Without entering into detail of all arguments exchanged, the essential points to take away from the decision are that:

  • The Master accepted that the covert recordings were admissible as evidence (despite ‘lacking courtesy and transparency’, they were not ‘unlawful’).
  • “It is in the interests of all sides that examinations are recorded because from time to time significant disputes arise as to what occurred. In that situation, it is important to have a complete and objective record of the examination, which is subject to appropriate safeguards and limitations on its use”.
  • There was no breach of data protection rules (English domestic and GDPR).
  • The Master invited two organizations, APIL (Association of Personal Injury Lawyers – acting for claimants) and FOIL (Forum of Insurance Lawyers, acting for defendants) to discuss the issue and agree a protocol to govern such practice that would be acceptable by all parties.

Current status

  • APIL & FOIL have set up a working party, whose work is ongoing. FOIL and APIL are known to collaborate in a constructive manner to establish good practice in personal injury litigation, so we can expect a protocol in due course. This will not be binding but certainly a strong reference for practitioners.
  • The British Psychological Society (BPS) is also currently developing its own guidelines. It is notable that recording examinations causes problems mostly when the expert practices (neuro)psychological tests and does not know that this is recorded. Some experts consider that when the claimant records the tests, he does not perform in the same way and this affects the interpretation of the results.
  • Another decision on the same subject confirmed in principle the position in Mustard: Macdonald v Burton [2020] EWHC 906 (QB). The judge specified that he would not himself provide guidance, as this was currently in the hands of APIL and FOIL’s working party and of the BPS. He nevertheless “hope[d] that that would allow for recording of some kind in certain cases”. Interestingly, in that case he ordered that the examination with the defendant’s expert take place without any kind of recording, on the ground that the examinations with the claimant’s experts had not been recorded, despite the defendant asking the claimant to do so, so that the parties be on a ‘level playing field’.

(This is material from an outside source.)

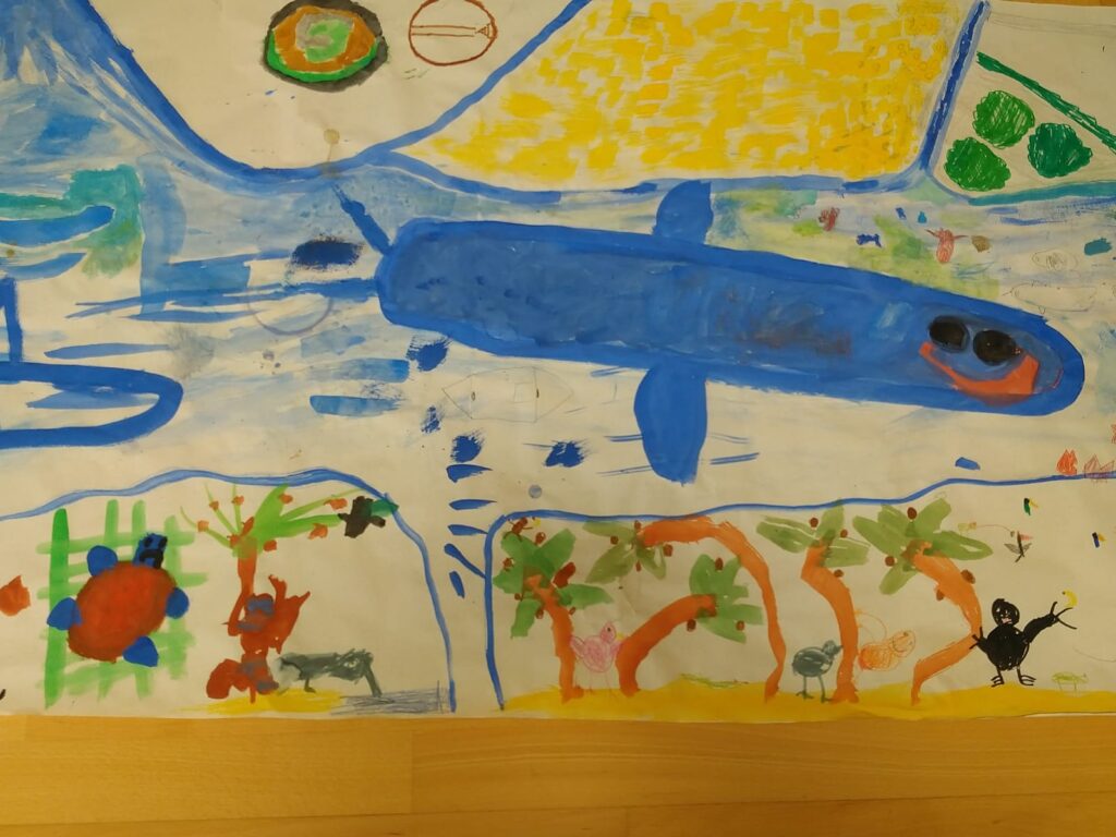 Die Kinder haben alle mit großem Engagement und viel Kreativität, unter Verwendung von recycelten Materialien, gemalt und gebastelt. Ihre Kunstwerke konnten zur Präsentation bestaunt werden.

Reflections at European scale

  • The issue of covert recording is particularly relevant when the claimant is alone with the expert. It is difficult to imagine how this could arise at a judicial expert assessment, where each party is assisted by their lawyer and medical advisor to guarantee open discussions with the judicial expert, who in any event is not interested in “repeat business” from a party or a law firm.
  • It is striking that English judges appear favourable to recordings; I suspect the situation would be different in other countries.
  • Nevertheless, one can see the advantages of this practice, provided that recordings are made openly and within predefined standards. This can hopefully lead to better standards of evidence, and reduce satellite litigation on such procedural issues.

Maud Lepez – Solicitor of England & Wales, Avocate au Barreau de Paris

[1] For the sake of brevity this article refers to England and English law and practice. This is nevertheless valid for England & Wales, which are one single jurisdiction. Scotland and Northern Ireland are distinct jurisdictions and legal systems.